Без безобразной своей шапки-«меховушки» юноша выглядел довольно мило, длинные волосы его не висели более мочалкой, но даже как бы содержали некоторый намек на определенный стиль. Сняв неуклюжее пальто, он показался мне вообще каким-то скандинавом: джинсовая курточка, свитер-битловка, все как полагается. Я спросил его, не ошибся ли он адресом.

«Но ведь вы Шатковский, — переспросил он, — Олег Антонович, не так ли? Значит, я не ошибся. Я вам привез привет от моей бабушки, а она ваша родственница. Что касается меня лично, то меня зовут Женя, учусь в заочной аспирантуре МИФИ, приехал позондировать насчет защиты диссертации».

В Самаре, то есть в городе рабочей славы Куйбышеве, никогда не было у меня никаких бабушек в родственницах. Я пригласил Женю войти в комнату, пригласил его в кресло, даже предложил ему чаю и только после этого осторожно спросил, с какого боку его бабушка ко мне прилепляется.

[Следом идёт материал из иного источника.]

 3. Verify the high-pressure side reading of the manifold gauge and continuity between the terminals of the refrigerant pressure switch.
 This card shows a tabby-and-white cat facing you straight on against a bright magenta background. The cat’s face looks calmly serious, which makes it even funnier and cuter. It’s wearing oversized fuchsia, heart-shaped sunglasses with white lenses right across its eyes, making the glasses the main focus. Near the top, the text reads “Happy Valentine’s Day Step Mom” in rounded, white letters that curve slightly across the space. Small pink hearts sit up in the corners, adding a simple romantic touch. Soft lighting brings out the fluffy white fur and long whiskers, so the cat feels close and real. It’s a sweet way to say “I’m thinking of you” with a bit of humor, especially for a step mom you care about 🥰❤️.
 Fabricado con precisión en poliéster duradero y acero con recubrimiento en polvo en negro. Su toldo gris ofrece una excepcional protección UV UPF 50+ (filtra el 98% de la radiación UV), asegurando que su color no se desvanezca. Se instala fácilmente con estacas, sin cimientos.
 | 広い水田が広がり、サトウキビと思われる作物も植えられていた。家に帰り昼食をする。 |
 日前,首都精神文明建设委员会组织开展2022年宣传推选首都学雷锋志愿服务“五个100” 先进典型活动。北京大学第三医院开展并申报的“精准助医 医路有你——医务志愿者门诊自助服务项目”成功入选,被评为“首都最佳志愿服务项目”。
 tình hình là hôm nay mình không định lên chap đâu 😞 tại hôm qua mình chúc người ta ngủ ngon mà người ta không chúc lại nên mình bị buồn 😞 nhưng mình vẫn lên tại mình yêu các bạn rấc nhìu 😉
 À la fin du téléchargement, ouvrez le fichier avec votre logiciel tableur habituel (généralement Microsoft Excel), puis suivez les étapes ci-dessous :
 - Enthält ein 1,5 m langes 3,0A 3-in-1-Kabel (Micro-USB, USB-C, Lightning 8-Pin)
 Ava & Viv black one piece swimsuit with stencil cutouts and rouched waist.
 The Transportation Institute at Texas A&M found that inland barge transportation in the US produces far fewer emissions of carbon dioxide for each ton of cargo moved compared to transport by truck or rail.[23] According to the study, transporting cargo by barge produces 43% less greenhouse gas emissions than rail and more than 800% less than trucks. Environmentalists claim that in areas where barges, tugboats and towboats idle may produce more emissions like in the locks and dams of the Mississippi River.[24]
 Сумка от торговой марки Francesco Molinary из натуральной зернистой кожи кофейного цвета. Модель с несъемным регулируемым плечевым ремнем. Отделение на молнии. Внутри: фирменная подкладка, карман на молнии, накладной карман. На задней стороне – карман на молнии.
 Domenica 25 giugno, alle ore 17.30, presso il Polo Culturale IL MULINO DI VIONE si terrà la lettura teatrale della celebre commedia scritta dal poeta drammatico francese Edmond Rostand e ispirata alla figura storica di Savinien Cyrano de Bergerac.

«Ну, как же, — улыбнулся он, — она вам крестная сестра, Олег Антонович». Вот какой приятный сюрприз, подумал я, а ты все ноешь из-за недостатка родственников. Мальчик, кажется, собирается у меня остановиться. Явно собирается пожить у московского родственничка. Самарский мальчик приехал к столичному дяде. Впрочем, пожалуй, к деду — ведь это его бабушка мне крестная сестра…

«Как? Как вы назвали наши родственные отношения?» — только сейчас до меня стал доходить смысл слова «крестная». Вначале показалось что-то вроде «двоюродная», «троюродная», «седьмая вода на киселе». «Крестная сестра», — утвердительно кивнул Женя. «То есть, простите, Женя, вы хотите сказать, что бабушка ваша — сестра мне не по крови, а по крещению?»

Уцепившись за косяк двери, я смотрел, как он кивает, неуверенный и явно озабоченный, достаточное ли это родство, чтобы остановиться у меня на время своего диссертационного «зондажа». Сердце ходило у меня в груди, словно пароходный поршень.